Lately I've been shopping around for a good thesaurus, one that establishes terms for the many different physical forms that archival materials take. This includes paper-based holdings like letters, diaries, leaflets, and contact sheets, and audiovisual items like radio and television programs. If we use a set of standardized terms to describe our archival materials, it will be easy for researchers to locate all of the diaries or radio programs in our new digital collections portal when it launches early next year.
Thesaurus shopping is a microcosm of the irony of standards in the archival world--there are many to choose from. This undermines the intent of standardization, yet is the reality.
With at least three contenders, competition in the world of physical-form thesauri is more intense than a layman might expect. The Library of Congress (LC) genre/form terms is the grand dame of the group. Genre/form terms were mixed in with subject terms in the LC's thesaurus of subject headings, which dates to 1898. The new kid on the block is the Thesaurus For Graphic Materials (TGM), which came out of the rare books and manuscripts community in the 1980s. Meanwhile, the needs of art libraries triggered work on the Getty's Art & Architecture Thesaurus (AAT) in the 1970s.
My shopping list included physical forms like reports and drawings, which are not well represented by LC terms, and oral histories, which are not recognized as a form in TGM. But all three thesauri lacked a term for panel discussions, in which a group of speakers is guided by a moderator in a formal discussion before an audience. Our Commonwealth Club sound recordings include many such programs.
The TGM and LC thesaurus contain the term "discussions," but it suggests informality and lack of structure. When I searched AAT, a thesaurus that covers art and architectural terms, I got a whopping 45 results for "panels." However, the terms involved structural or surface elements of buildings, or were a type of building (I hadn't known that panel-houses is a term for brothels).
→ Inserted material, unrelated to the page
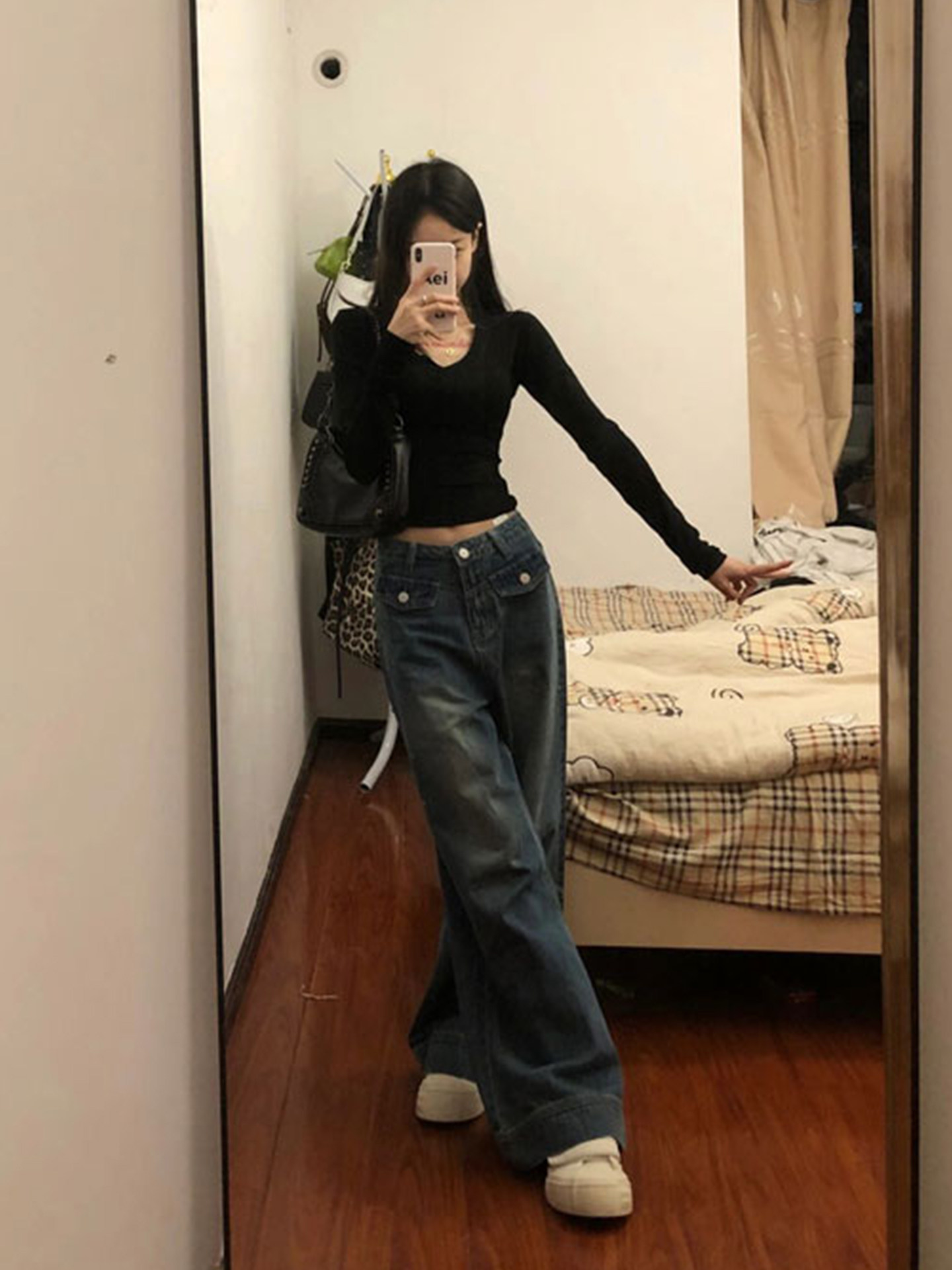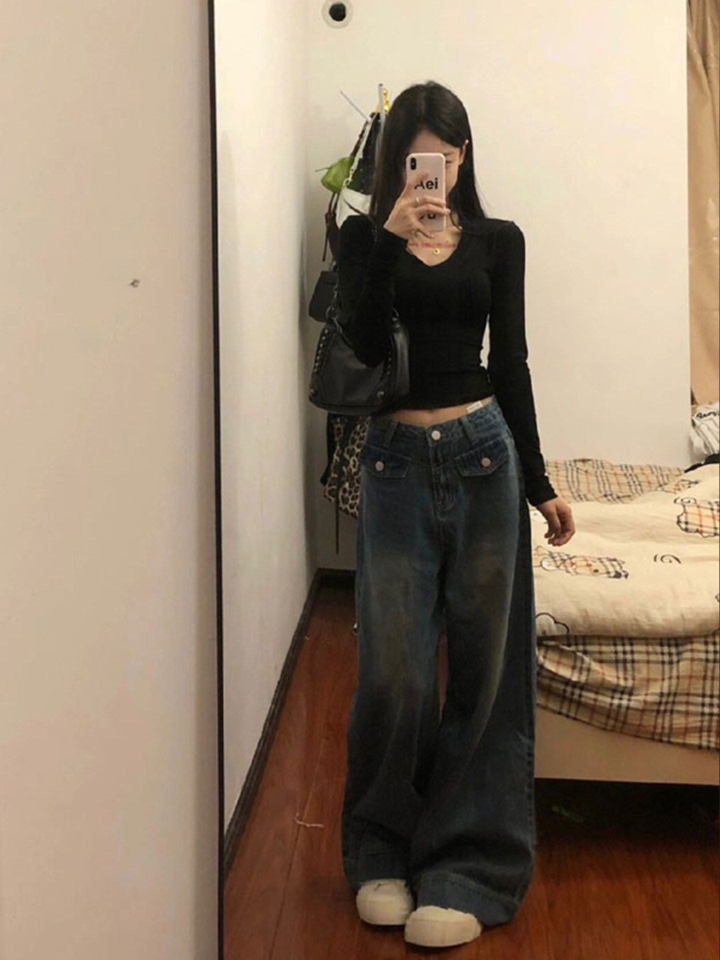 Black V-Neck Inner Layering Shirt for Petite Women, Autumn and Winter Stylish and Chic Slim-Fit Base Shirt Top

Dismayed by this gap, I contacted the AAT editors to suggest adding "panel discussions" or "roundtables" to their thesaurus. Normally new terms are submitted via institutional project staff who are trained and provide authoritative research, but in this case the managing editor responded the same day that she would add three new terms to AAT: discussions (meetings), panels (meetings), and roundtables (meetings). In just one day "panels" got a whole new meaning!